You can run this application with its frontend to see what it’s doing, or you can run it on server side without graphical interface displayed (not available yet). You can stop the application whenever you want, but plus allow it few seconds to save the work in progress.
When the application is launched for the first time, it creates multiple files in the directory when it’s run.
First, you will see a “robotCache” directory created. It’s used to store the robots.txt files retrieved to limit the bandwidth used to get them.
bandwidth.log file is used to store your bandwidth usage to display what’s used and stop when the tool is reaching configured limit.
crawler.dat file is used to store the crawler workloads.
DistParser.log is used to store the tool’s logs. This is the file we will ask you to share if you are facing any issue with the application.
english.txt and francais.txt are dictionary files downloaded by the application for it’s usage.
And last, crawler.properties which will contain the Crawler configuration.

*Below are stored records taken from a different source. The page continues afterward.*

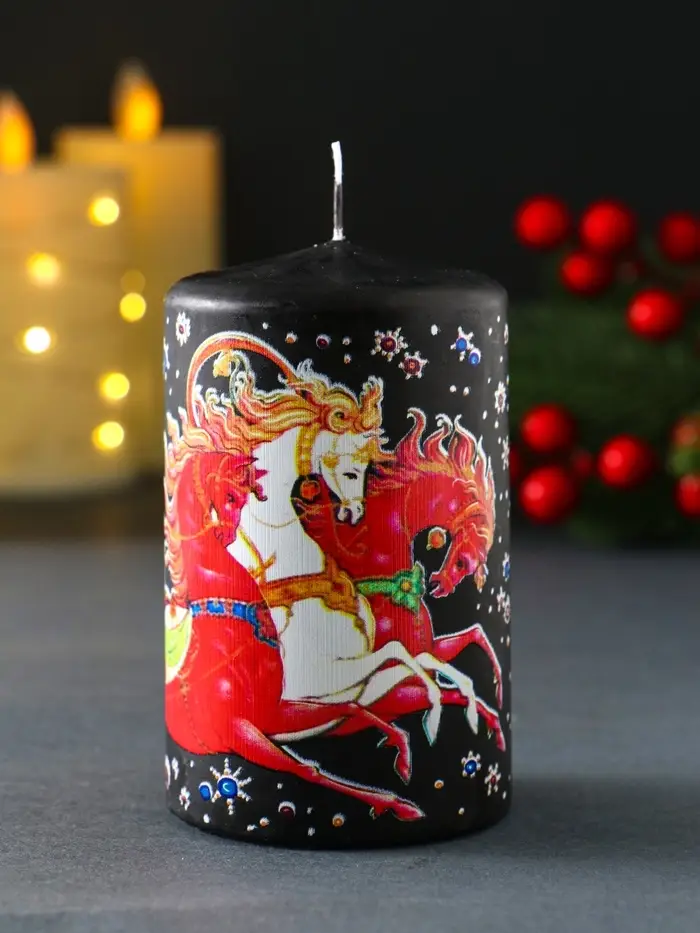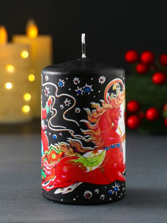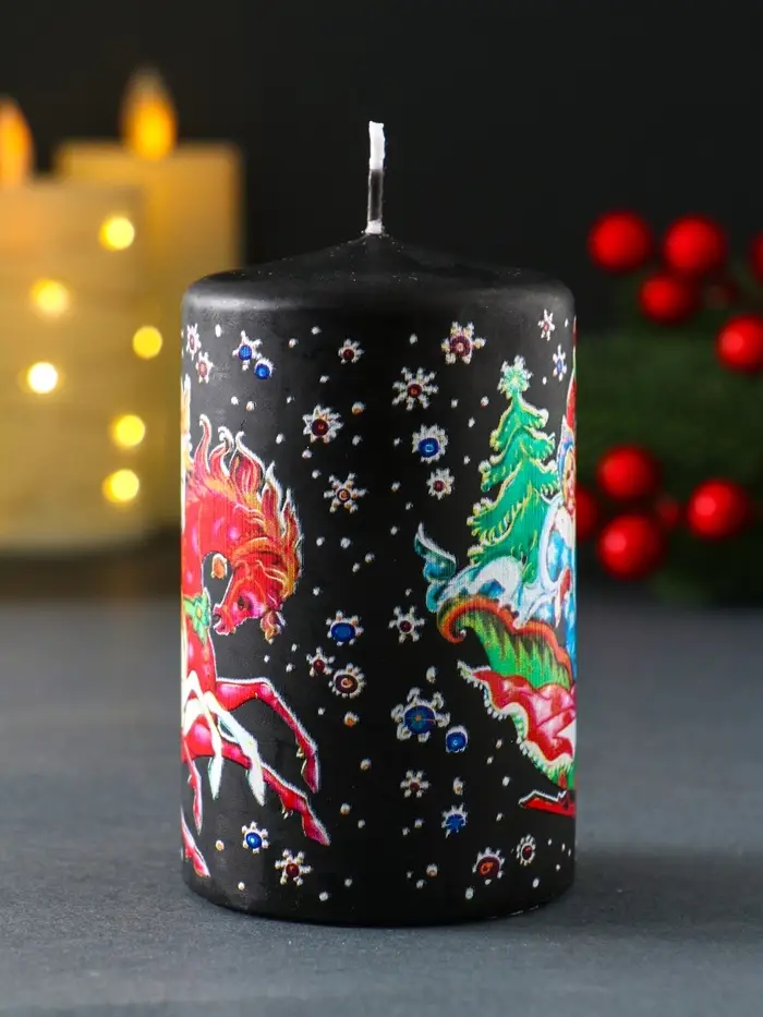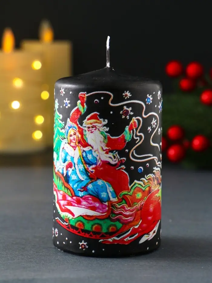 Свеча новогодняя пеньковая "Новый год. Доставка подарков" 6х6х10 см
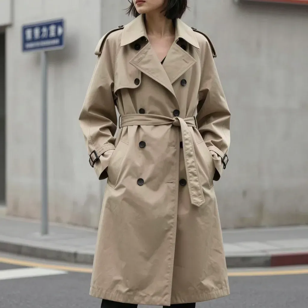 A person stands on a street corner in a beige trench coat, with soft, diffused light creating gentle shadows. The slightly blurred background emphasizes the subject, offering a clean and focused composition.
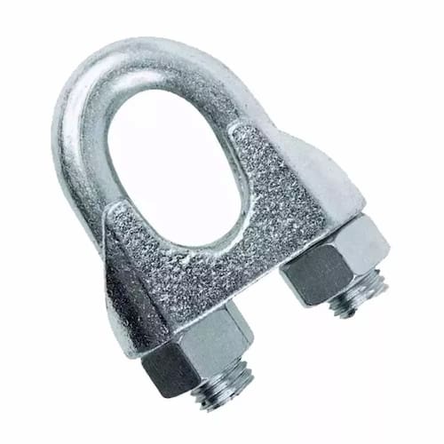 Grampo para cabo de aço tipo pesado é fabricado em aço carbono galvanizado. Aplicado na construção de laços e amarrações em cabos de aço ou cordoalhas que exigem alto nível de resistência à tração e em condições severas de uso. Tamanho 5/16" 8mm Capacidade de Torção: 9,48Kgf/m2 Pacote com 50 Unidades. Ref. 07015038 Marca: Starfer
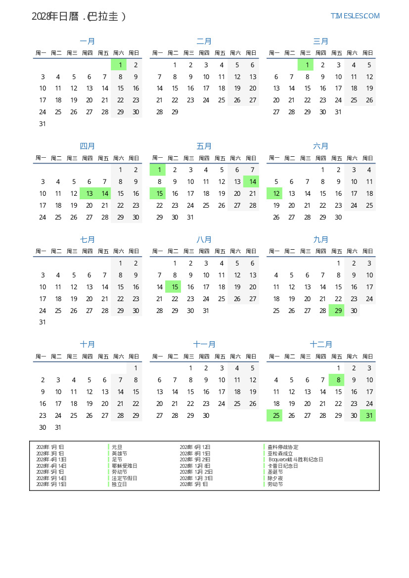 陽曆,閏年,一年366天。 在2028年,2028有21 假期和休假。 在中國東部的日曆上,2028年猴年。 一年從星期六開始,到在星期天結束。
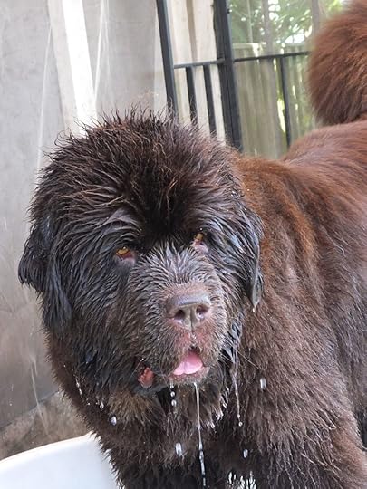 I was just sitting on the sofa next to Monty and, as I do having a chat about the school we're visiting tomorrow when I suddenly thought how strange this would have been to comprehend a few short years ago. After nearly 50 school visits, charity appearances, Crufts tours and the occasional nursing home it's very difficult to remember this very same newfydoof as an extremely naughty puppy and an even worse adolescent.But this was what he was and there were many, many days we questioned what possessed us to invite this massive hooligan to share our lives. It's strange now because when I'm in schools and asked what inspired me to start writing the 'Monty stories' it was this bad behaviour that was the catalyst.The children love to hear tales of chewed walls, destroyed cookers and sucked chickens but back then it wasn't something we ever conceived would take us to where we are now.So as we relax before reading stories and reliving puppy misdemeanours before a few hundred children tomorrow I can't help but marvel at this special breed and moreover this very special dog I call my best friend.Well done Monty Dogge....you've done good big fella....
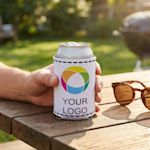 Our custom can cooler keeps your drinks cold and your hands dry. And since it stores flat, it’s easy to pack away or hand out as a giveaway.
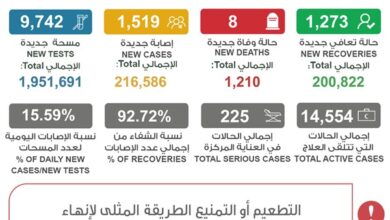 شفاء 1273 إصابة وإجمالي المتعافين 200822
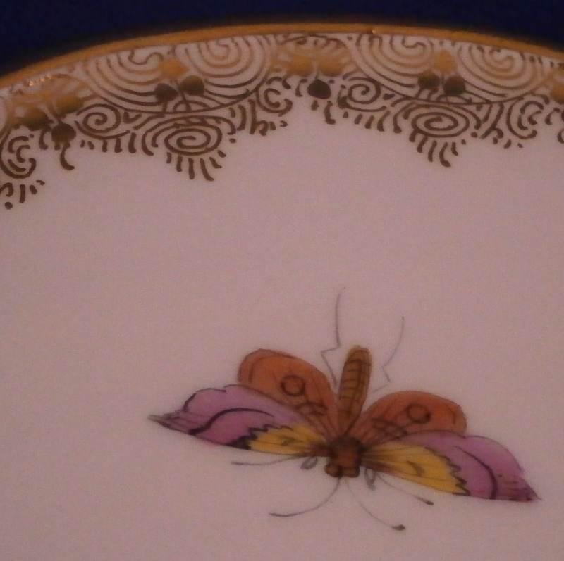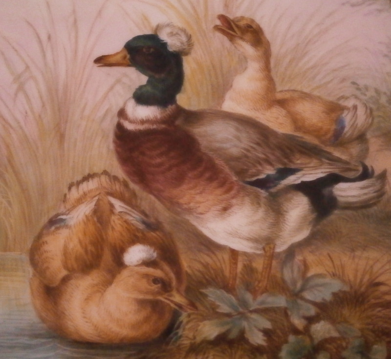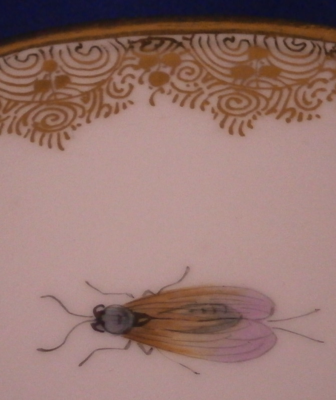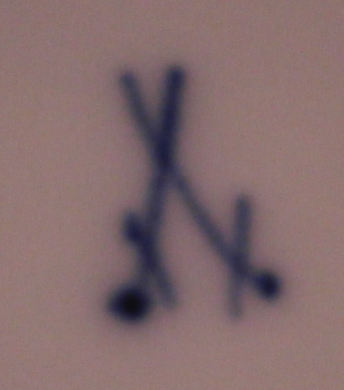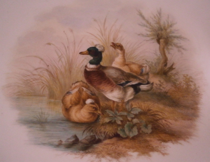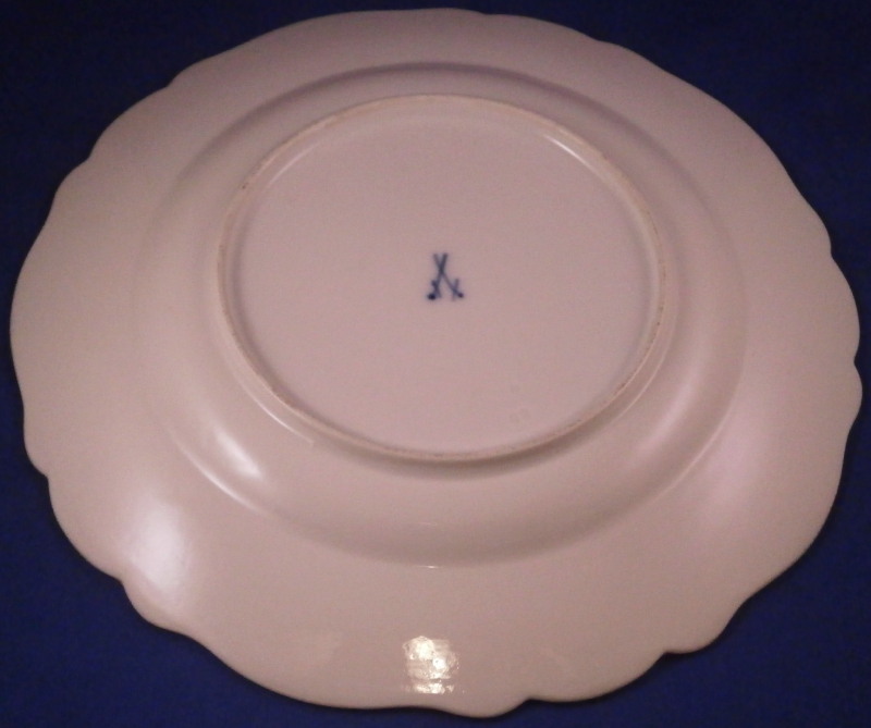 This is a superb dinner plate made by Meissen in the mid to late 19th century. It is hand painted with a fun duck scene in the center including a mallard type duck and two female ducks in a landscape surrounding. The rim has some cute bugs painted on it as well as one of their nicer fancy gold trims. That gold trim is more common on cobalt ground pieces they made. The edge is a bit wavy rather than just plain round which adds some elegance to the piece. The plate is marked with the underglaze blue crossed swords mark underneath as well as the usual impressed numbers as shown. It is about 1.125 inches tall and 10.25 inches in diameter. It is in perfect condition. Please email me for more information or other pictures.

If you want to setup the application with your own parameters, here is the list of options the application can get, and what they are used for.
Configure the max download speed, in bytes per seconds. Default value is 200kb/s.
Configure the number of walkers we want to have at the same time. The more you have, the faster the download will be. Default value is 10.
Configure the max upload speed, in bytes per seconds. Default value is 40kb/s.
Configure the daily usage limitation. Default value is 1GB
Configure the monthly usage limitation. Default value is 40GB
Configure the first day of the month for you monthly usage. Useful when your billing cycle is not starting on the 1st. Default value is 1.
Configure the number of workloads the crawler should always keep to allow walkers to work. There can’t be more than 3 walkers working on the same domain (based on the domain name). So it’s recommended to have more than one workload at a time in case there is many URLs to parse from the same domain. That will allow walkers to work on some other workload.